■ DESCRIPTION OF THE TASK ■
What lines in the material hold the string "pour"? Return every one of them.

--- START ---

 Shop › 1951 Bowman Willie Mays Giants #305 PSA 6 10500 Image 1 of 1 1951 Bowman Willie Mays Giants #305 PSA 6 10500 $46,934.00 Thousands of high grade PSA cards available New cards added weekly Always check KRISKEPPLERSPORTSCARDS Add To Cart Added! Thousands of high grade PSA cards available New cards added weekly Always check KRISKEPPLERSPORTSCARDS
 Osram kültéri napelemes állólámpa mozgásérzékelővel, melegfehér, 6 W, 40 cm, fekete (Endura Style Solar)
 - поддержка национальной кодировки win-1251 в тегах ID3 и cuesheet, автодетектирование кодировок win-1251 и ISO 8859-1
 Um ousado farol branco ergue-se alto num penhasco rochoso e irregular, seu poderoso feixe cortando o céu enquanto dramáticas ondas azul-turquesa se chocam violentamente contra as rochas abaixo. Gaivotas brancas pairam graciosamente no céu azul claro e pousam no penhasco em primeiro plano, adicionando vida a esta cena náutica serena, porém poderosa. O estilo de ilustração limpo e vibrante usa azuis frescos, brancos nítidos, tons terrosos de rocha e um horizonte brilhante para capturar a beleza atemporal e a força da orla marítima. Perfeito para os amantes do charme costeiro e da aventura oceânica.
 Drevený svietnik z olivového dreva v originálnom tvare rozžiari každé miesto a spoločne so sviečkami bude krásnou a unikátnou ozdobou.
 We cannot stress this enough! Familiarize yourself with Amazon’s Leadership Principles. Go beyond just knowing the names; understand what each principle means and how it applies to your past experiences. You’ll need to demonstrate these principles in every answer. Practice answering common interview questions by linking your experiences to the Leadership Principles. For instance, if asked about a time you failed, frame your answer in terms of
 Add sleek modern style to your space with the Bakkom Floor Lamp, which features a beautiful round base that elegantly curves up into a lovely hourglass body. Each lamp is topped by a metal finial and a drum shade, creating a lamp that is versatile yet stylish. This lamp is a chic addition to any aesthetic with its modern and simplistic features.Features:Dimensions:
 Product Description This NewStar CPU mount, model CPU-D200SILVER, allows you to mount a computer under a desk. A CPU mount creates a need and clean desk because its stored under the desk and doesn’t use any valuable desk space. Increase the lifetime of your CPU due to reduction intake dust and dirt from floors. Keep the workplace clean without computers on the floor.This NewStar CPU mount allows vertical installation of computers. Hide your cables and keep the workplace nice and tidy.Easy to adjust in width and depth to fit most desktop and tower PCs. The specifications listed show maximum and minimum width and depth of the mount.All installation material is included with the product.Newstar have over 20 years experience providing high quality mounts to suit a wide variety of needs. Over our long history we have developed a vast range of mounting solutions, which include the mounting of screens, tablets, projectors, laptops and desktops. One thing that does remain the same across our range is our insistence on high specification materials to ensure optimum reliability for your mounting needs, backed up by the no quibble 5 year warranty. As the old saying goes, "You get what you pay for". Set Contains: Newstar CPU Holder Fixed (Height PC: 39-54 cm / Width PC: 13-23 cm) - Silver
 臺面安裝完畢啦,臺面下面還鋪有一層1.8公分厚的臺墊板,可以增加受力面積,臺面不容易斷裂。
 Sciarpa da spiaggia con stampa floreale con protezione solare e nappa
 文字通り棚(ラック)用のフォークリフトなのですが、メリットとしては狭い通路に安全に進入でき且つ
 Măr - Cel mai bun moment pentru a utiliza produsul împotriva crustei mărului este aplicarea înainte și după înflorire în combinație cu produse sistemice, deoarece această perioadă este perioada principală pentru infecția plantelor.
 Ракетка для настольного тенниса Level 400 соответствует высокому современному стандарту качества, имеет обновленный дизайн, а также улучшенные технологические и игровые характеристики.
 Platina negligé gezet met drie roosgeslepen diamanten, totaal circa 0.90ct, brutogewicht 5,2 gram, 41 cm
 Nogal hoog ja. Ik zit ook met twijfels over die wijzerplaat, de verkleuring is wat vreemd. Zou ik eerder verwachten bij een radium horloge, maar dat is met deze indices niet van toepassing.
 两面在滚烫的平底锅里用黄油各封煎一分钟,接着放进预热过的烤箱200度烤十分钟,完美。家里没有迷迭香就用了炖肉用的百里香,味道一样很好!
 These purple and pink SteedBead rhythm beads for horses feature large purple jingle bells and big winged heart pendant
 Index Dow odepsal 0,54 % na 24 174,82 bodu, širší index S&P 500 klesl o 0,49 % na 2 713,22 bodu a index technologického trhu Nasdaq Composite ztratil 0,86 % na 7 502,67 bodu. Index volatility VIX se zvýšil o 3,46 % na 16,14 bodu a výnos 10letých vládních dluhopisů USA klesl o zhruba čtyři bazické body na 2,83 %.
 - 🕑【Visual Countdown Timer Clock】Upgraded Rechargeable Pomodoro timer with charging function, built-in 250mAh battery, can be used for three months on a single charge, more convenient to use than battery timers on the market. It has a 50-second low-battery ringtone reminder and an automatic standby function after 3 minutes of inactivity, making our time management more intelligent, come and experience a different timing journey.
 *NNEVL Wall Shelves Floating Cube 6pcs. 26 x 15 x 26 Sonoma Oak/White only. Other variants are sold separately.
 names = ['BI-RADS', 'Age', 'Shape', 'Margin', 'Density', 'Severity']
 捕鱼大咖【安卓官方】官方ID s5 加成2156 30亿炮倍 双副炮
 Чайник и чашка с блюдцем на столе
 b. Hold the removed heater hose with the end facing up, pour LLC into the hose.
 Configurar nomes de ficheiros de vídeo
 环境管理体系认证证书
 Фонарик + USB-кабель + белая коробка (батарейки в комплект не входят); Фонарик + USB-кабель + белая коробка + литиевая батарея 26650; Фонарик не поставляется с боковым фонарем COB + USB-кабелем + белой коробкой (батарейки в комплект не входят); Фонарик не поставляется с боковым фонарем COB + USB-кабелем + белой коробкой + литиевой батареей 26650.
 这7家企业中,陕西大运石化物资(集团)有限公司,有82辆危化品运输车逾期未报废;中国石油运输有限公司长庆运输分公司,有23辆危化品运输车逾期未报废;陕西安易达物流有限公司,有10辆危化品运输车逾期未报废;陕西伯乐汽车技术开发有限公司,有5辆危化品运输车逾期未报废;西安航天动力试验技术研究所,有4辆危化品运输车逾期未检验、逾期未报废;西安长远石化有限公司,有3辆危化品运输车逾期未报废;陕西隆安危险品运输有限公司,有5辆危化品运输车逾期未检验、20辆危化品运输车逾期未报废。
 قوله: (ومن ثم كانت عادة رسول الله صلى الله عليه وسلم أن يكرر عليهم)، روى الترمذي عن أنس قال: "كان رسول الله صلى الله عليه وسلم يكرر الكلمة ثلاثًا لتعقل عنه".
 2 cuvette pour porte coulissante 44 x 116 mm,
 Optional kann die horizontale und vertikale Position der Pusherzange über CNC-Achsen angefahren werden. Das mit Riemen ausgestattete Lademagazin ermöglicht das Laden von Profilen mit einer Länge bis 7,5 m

--- END ---

■ ANSWER TO THIS TASK ■
 b. Hold the removed heater hose with the end facing up, pour LLC into the hose.
 2 cuvette pour porte coulissante 44 x 116 mm,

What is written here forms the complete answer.